In response to the attack on DEI, UW System President Jay Rothman has developed a ‘solution’ to deal with the UW System’s financial issues. Rothman has hired Deloitte Consulting Inc. to gauge where the UW universities can make budget cuts.
Liam Beran, the Campus News Editor for the Daily Cardinal, obtained emails sent by President Rothman to the UW System chancellors that contained 16 suggestions on where to make budget cuts. Unlucky number 13 is raising concerns throughout the UWRF campus community and beyond. Suggestion 13 reads, “Consider shifting away from liberal arts programs to programs that are more career specific, particularly if the institution serves a large number of low-income students.” We want to make it clear: just because something has the word “liberal” in front of it does not mean that it’s about politics.
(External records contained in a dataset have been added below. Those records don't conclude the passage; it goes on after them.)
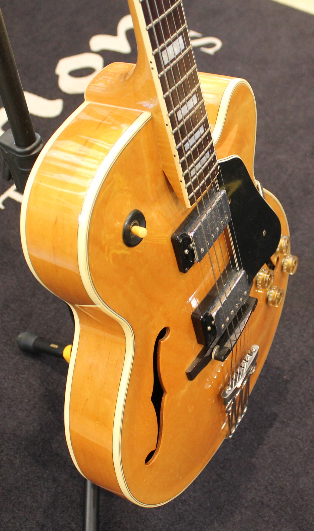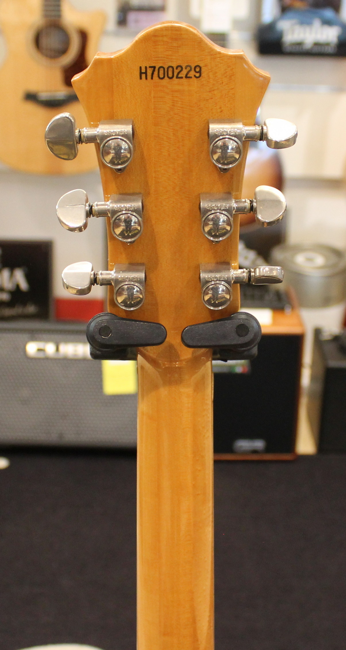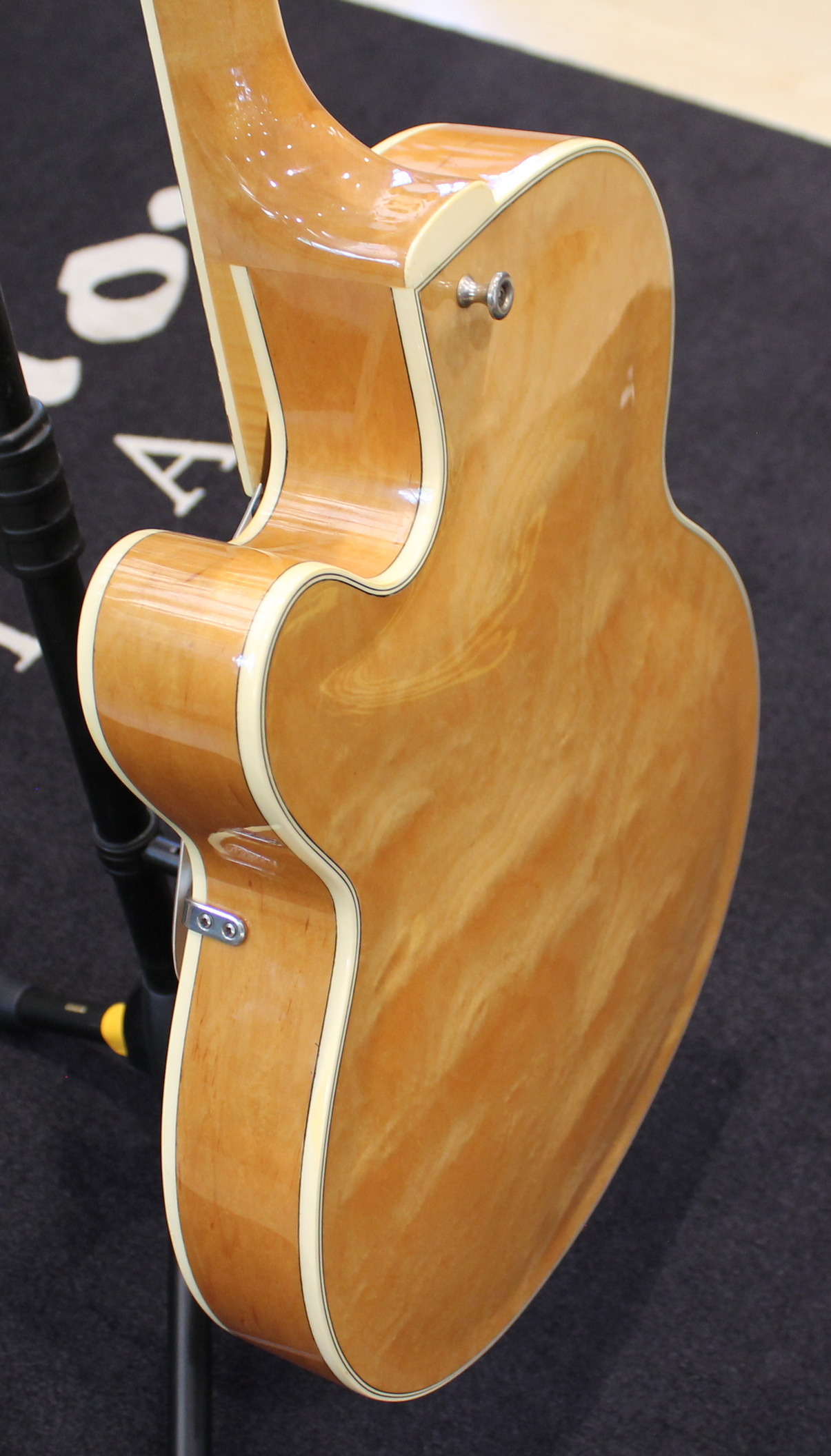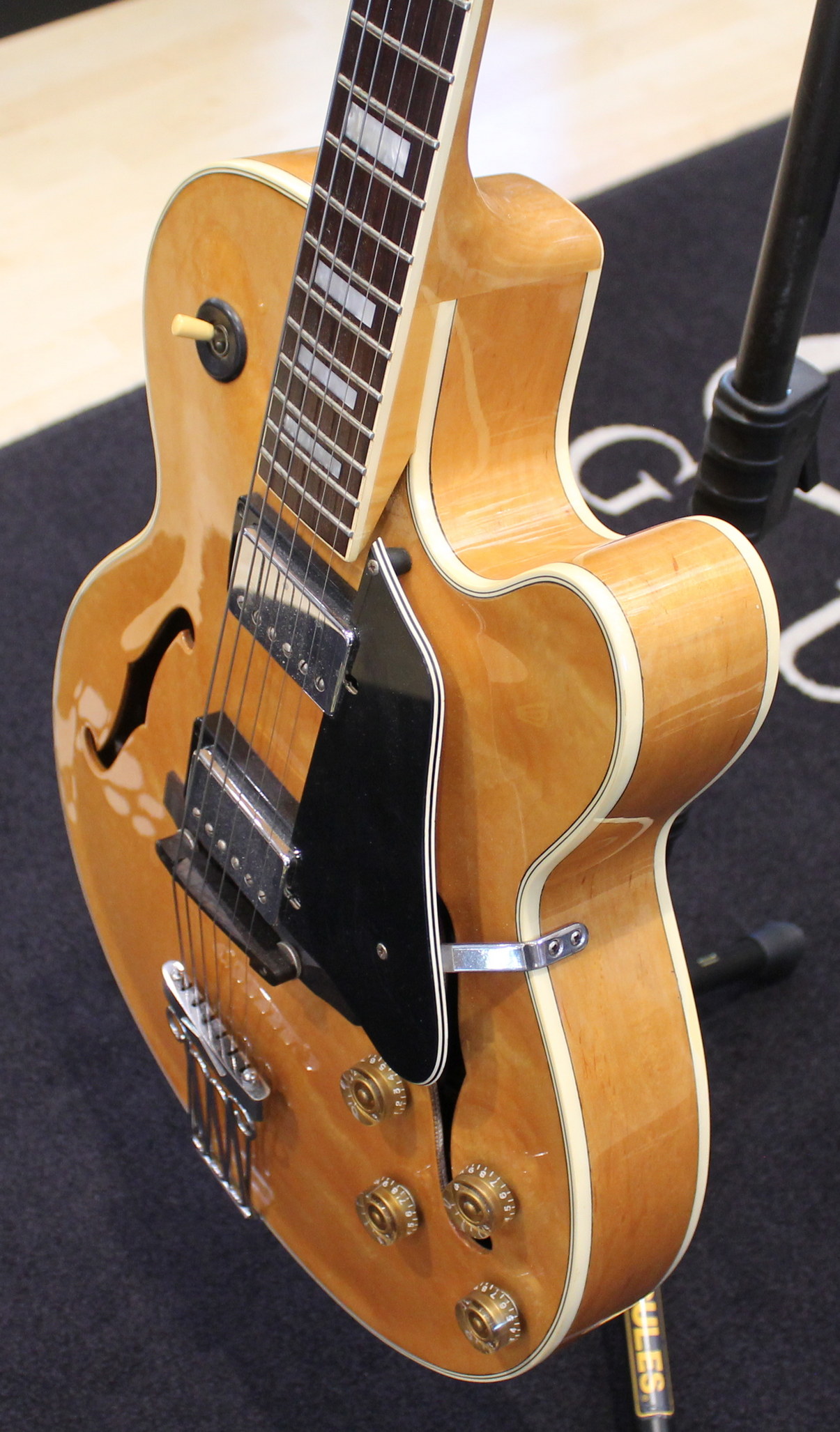 The FG100 features a full-sized, full-hollow, single Venetian cutaway body design with an arched, laminated maple top with ƒ holes and ivory multi-binding on maple sides and arched back mated to a set-in maple neck with a 20-fret rosewood fingerboard with ivory binding and pearl block position markers. Components include a pair of Ibanez Super 58 Z humbucking pickups with chrome covers and individual volume and tone controls, black plastic pickup rings, a rosewood bridge with rosewood saddle, a custom trapeze tailpiece, a bone nut, black pickguard, Sure Grip knobs, and Smooth Tuner machine heads.
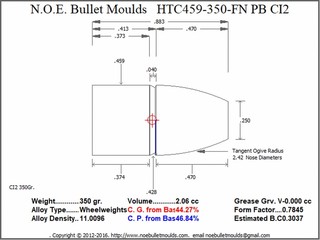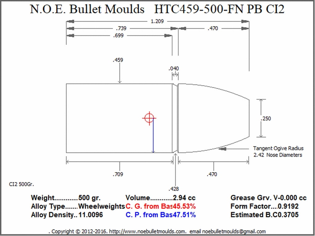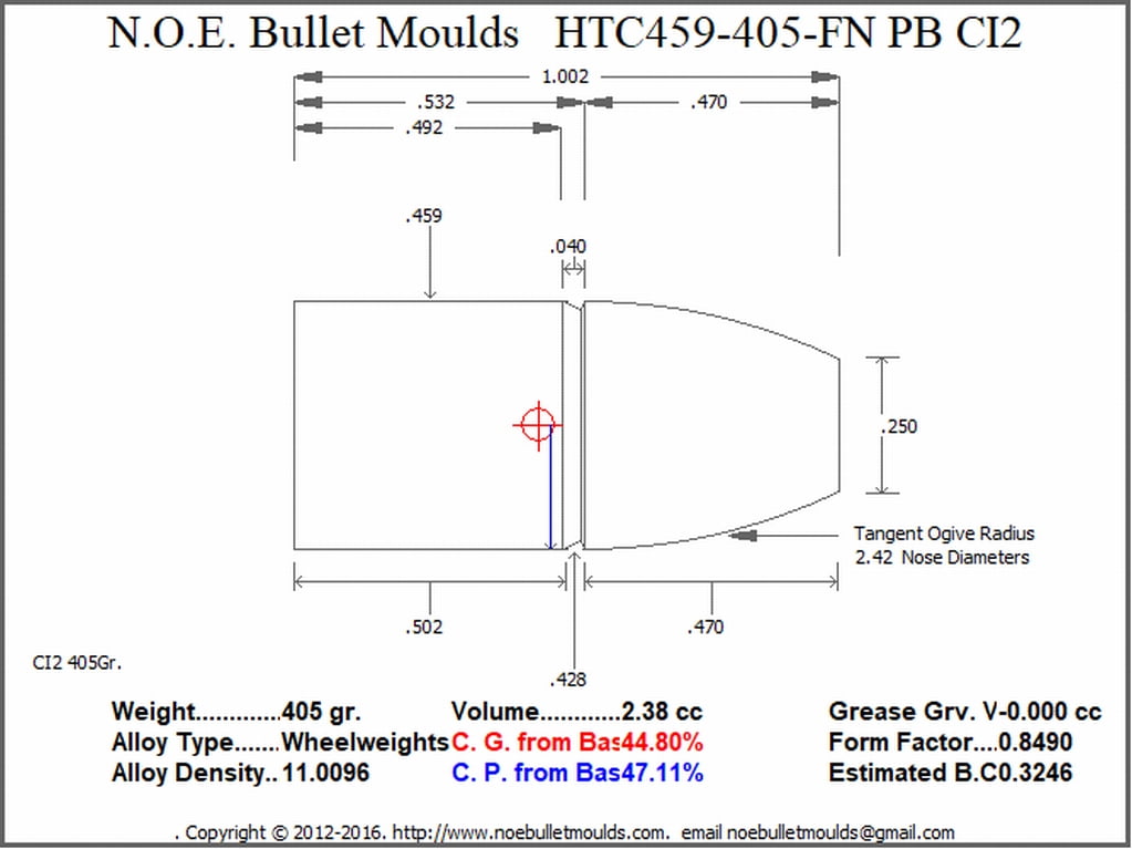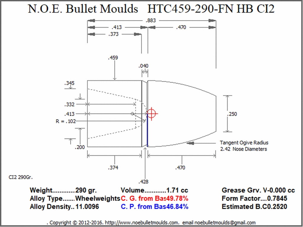 The HTC459-290-FN-CI2-62 is a 4 Cavity aluminum mould. This mould drops a .459 caliber, 290 grain Hollow Base bullet, 350 grain Plain Base, 405 grain Plan Base or 500 grain Plain Base bullet, the four weights are created by changing the base pins to form either the shorter 290 gr. or the longer 350, 405, or 500 gr cavity. This makes for a very versatile 4 bullet, bullet mould. This bullet is designed for Powder coating or HTC Coating. NOE recommends HTC as the simplest and best way to get perfect coated bullets every time.
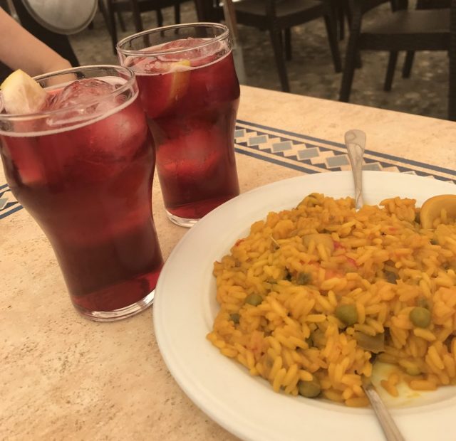 さて。喉の渇きをいやすため、広場のバルへ。ティント・デ・ベラノ(赤ワインのソーダ割り)を頼んだら、またタパスがついてきた(笑)それもパエリャ。
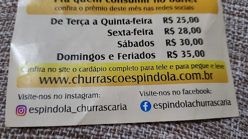 Read moreEspíndola sempre com as suas surpresas, comida do buffet sao boas, local limpo, atendimento sempre o mesmo l, nunca foram de dar atenção aos clientes. Mas hoje se superaram, comprei 600 gramas de vazio assado, no valor de 70 reais, até aí tudo bem, pro bairro é valor alto mas se tem qualidade está tudo bem. No entanto a surpresa, a carne era requentada, isso mesmo, carne de ontem ou sei lá de quando, apenas aquecida. Então fica aqui a minha avaliação, pelo menos a salada de...
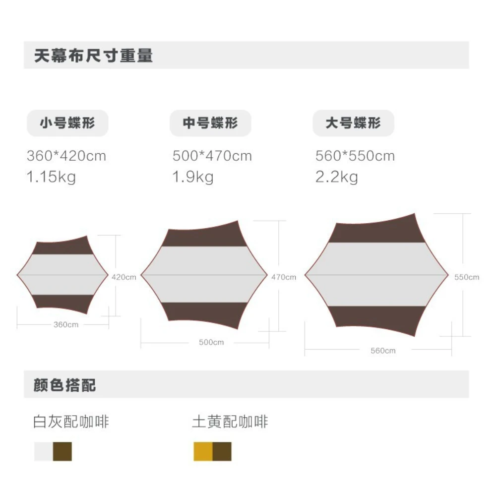 This Vidalido Butterfly Canopy adopts three-piece splicing design, and the overall line is smooth and beautiful. The Back line of the canopy and the side wings that extend left and right, this structure maintains the strength of the tarpaulin even when the tarpaulin is hit, resulting in a a beautiful sihouette.
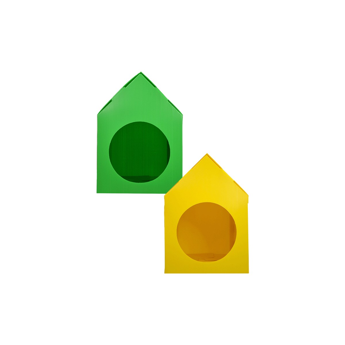 Temel Özel Üretim Plastik Kedi Evi 2li Set Sarı ve Yeşil
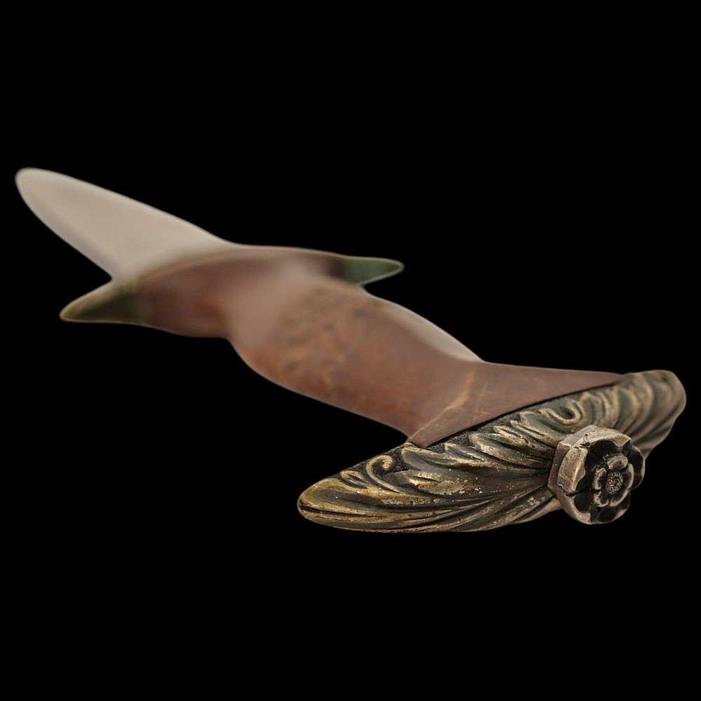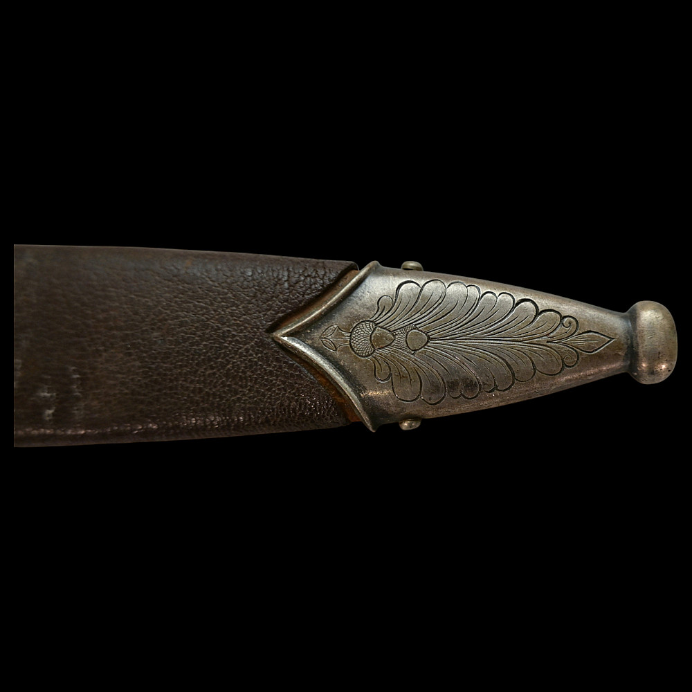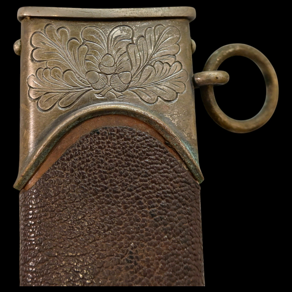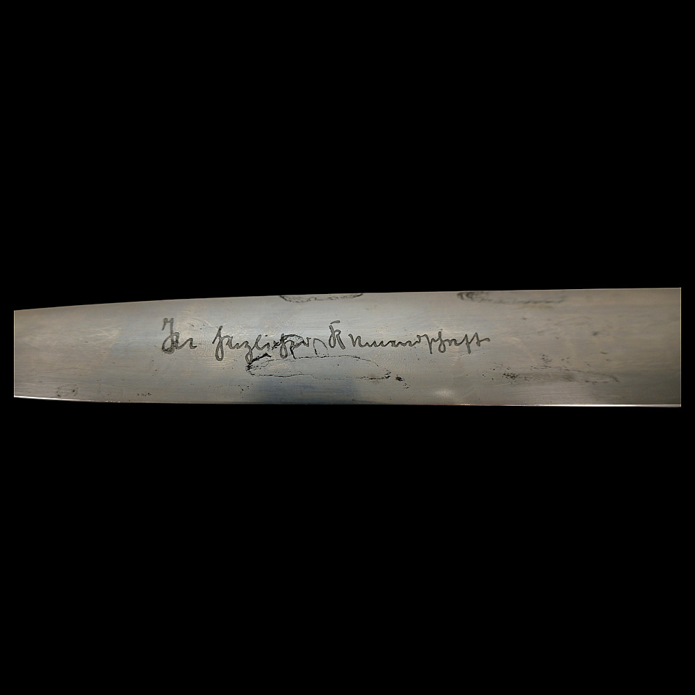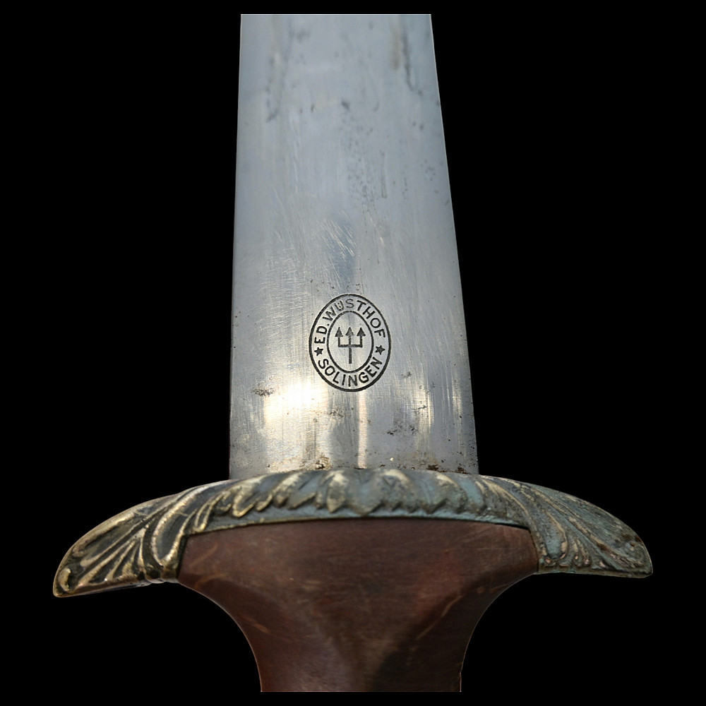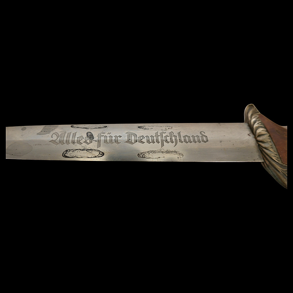 Third Reich SA Honor Dagger with Ernst Rohm Dedication - E D Wusthof, Solingen. The blade bears the etched dedication inscription: “In herzlicher Freundschaft Ernst Rohm” (“In Heartfelt Friendship, Ernst Röhm”). Approximately 135,860 such daggers were awarded before Rohm’s execution and the subsequent purge of the SA leadership in 1934, after which most examples were destroyed or altered. The blade, marked E.D. Wüsthof, Solingen, features the etched SA motto “Alles für Deutschland” on the obverse. The wooden grip is ornately carved with oak-leaf motifs, and inset with the SA enamel insignia and national eagle. The scabbard, covered in brown leather, with engraved nickel-silver fittings with fine oak-leaf and acorn detailing. Good condition. Authenticity not guaranteed. Total length: 38.4 cm.

There are many things wrong with this line of thinking; the most glaringly obvious of which is the idea that low-income students don’t deserve liberal arts. Every economic class should have the opportunity to experience the arts and humanities, and the implication that these fields of study should be unattainable for those with lower income is inherently classist.
Cutting liberal arts would devalue the four-year degrees of low-income students because they would be able to get the same education at a trade school for less. This is not to say that those who go to trade school don’t get a good education, but, instead, to emphasize that trade schools and four-year colleges are serving different populations, each with their own expectations and objectives.
With this idea in mind, why would anybody attend a more expensive four-year college over a trade school when they would be receiving the same education? The appeal of a four-year institution is the idea that students are being prepared for a wide variety of jobs since many degrees, especially liberal arts degrees, are suitable for a variety of jobs, not just one.
A four-year degree is also intended to help students become more well-informed citizens and to enhance skills like communication, teamwork, adaptability, and critical thinking. Daniel Kontowski, author of “The Paradox of ‘Practical Liberal Arts:’ Lessons from the Wagner College Case for Liberal (Arts) Education in Eastern Europe” said, “Liberal [arts] education can be considered an innovation: promoting small scale, intensive and interdisciplinary education introducing students to all major fields of knowledge and developing their academic skills.”
If the UW System universities can only produce chemists, engineers, accountants, and other STEM positions, these job markets will likely become oversaturated and more competitive in Wisconsin, leaving new graduates less able to get jobs and with fewer skills to pivot into other fields. For UWRF specifically, the College of Arts and Sciences houses the most students, and the Marketing and Communications programs house most of the students who arrived at the university without a decided major.
Mialisa Moline, the Chair of the English, TESOL, and Modern Languages departments at UWRF, asked at a faculty meeting, “Are both the Wisconsin Idea and access to a liberal arts education destined for the refuse bin of Wisconsin’s public university system? Or will the Universities of Wisconsin once again shine as a beacon of equal access to higher education to the benefit of us all?” Without arts and humanities, four-year colleges, including UW universities and UWRF itself, will lose their appeal and uniqueness, which, in turn, creates lower enrollment numbers and an even bigger budget deficit.